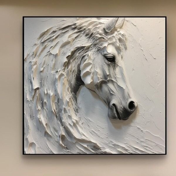 A dynamic 3D horse head in monochrome hues, symbolizing strength and motion
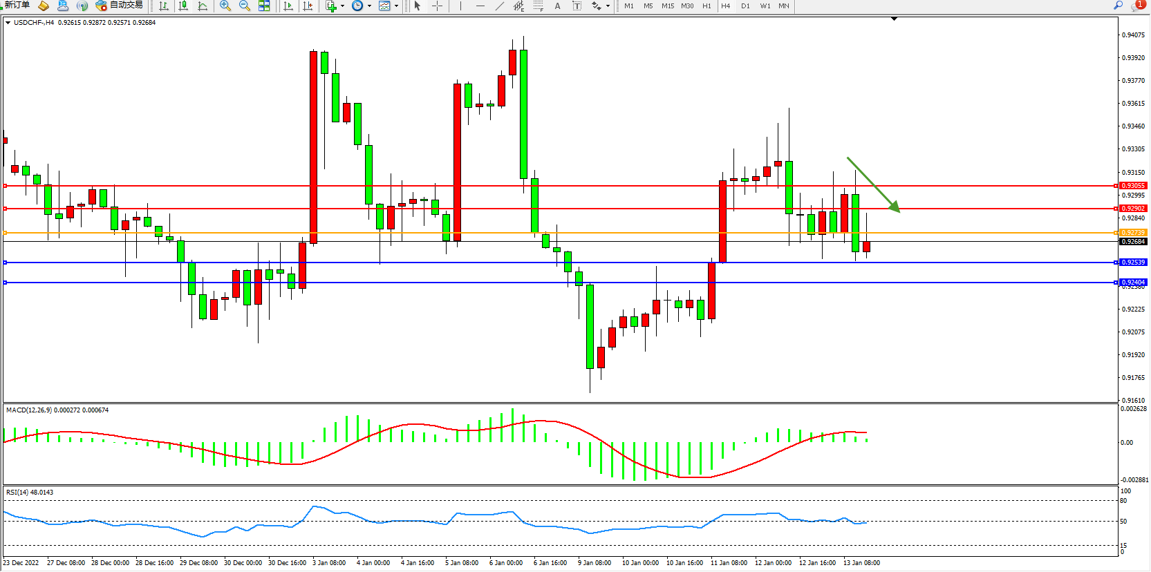 USDCHF:震荡下移 USDCHF  XAUUSD
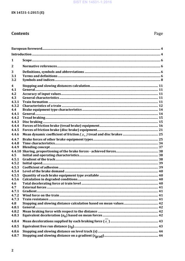 EN 14531-1:2015 is a standard published by the European Committee for Standardization (CEN). Its full title is "Railway applications - Methods for calculation of stopping and slowing distances and immobilization braking - Part 1: General algorithms utilizing mean value calculation for train sets or single vehicles". This standard covers: This European Standard describes general algorithms for the brake performance calculations to be used for all types of train sets, units or single vehicles, including high speed, locomotive and passenger coaches, conventional vehicles and wagons. This European Standard does not specify the performance requirements. It enables the estimation and/or comparison by calculation of the various aspects of the performance: stopping or slowing distances, dissipated energy, power, force calculations and immobilization braking. If it is required to validate, verify or assess braking performance it is recommended that a more detailed calculation is performed in accordance with FprEN 14531-2, i.e. a step by step calculation. This European Standard contains generic examples of the calculation of brake forces for individual brake equipment types and calculation of stopping distance and immobilization braking relevant to a train (see Annexes C and D).

• Directions for this task
Please repeat the listing precisely, excluding the pictures it contains.

• Completed task
 A dynamic 3D horse head in monochrome hues, symbolizing strength and motion
 USDCHF:震荡下移 USDCHF  XAUUSD
 EN 14531-1:2015 is a standard published by the European Committee for Standardization (CEN). Its full title is "Railway applications - Methods for calculation of stopping and slowing distances and immobilization braking - Part 1: General algorithms utilizing mean value calculation for train sets or single vehicles". This standard covers: This European Standard describes general algorithms for the brake performance calculations to be used for all types of train sets, units or single vehicles, including high speed, locomotive and passenger coaches, conventional vehicles and wagons. This European Standard does not specify the performance requirements. It enables the estimation and/or comparison by calculation of the various aspects of the performance: stopping or slowing distances, dissipated energy, power, force calculations and immobilization braking. If it is required to validate, verify or assess braking performance it is recommended that a more detailed calculation is performed in accordance with FprEN 14531-2, i.e. a step by step calculation. This European Standard contains generic examples of the calculation of brake forces for individual brake equipment types and calculation of stopping distance and immobilization braking relevant to a train (see Annexes C and D).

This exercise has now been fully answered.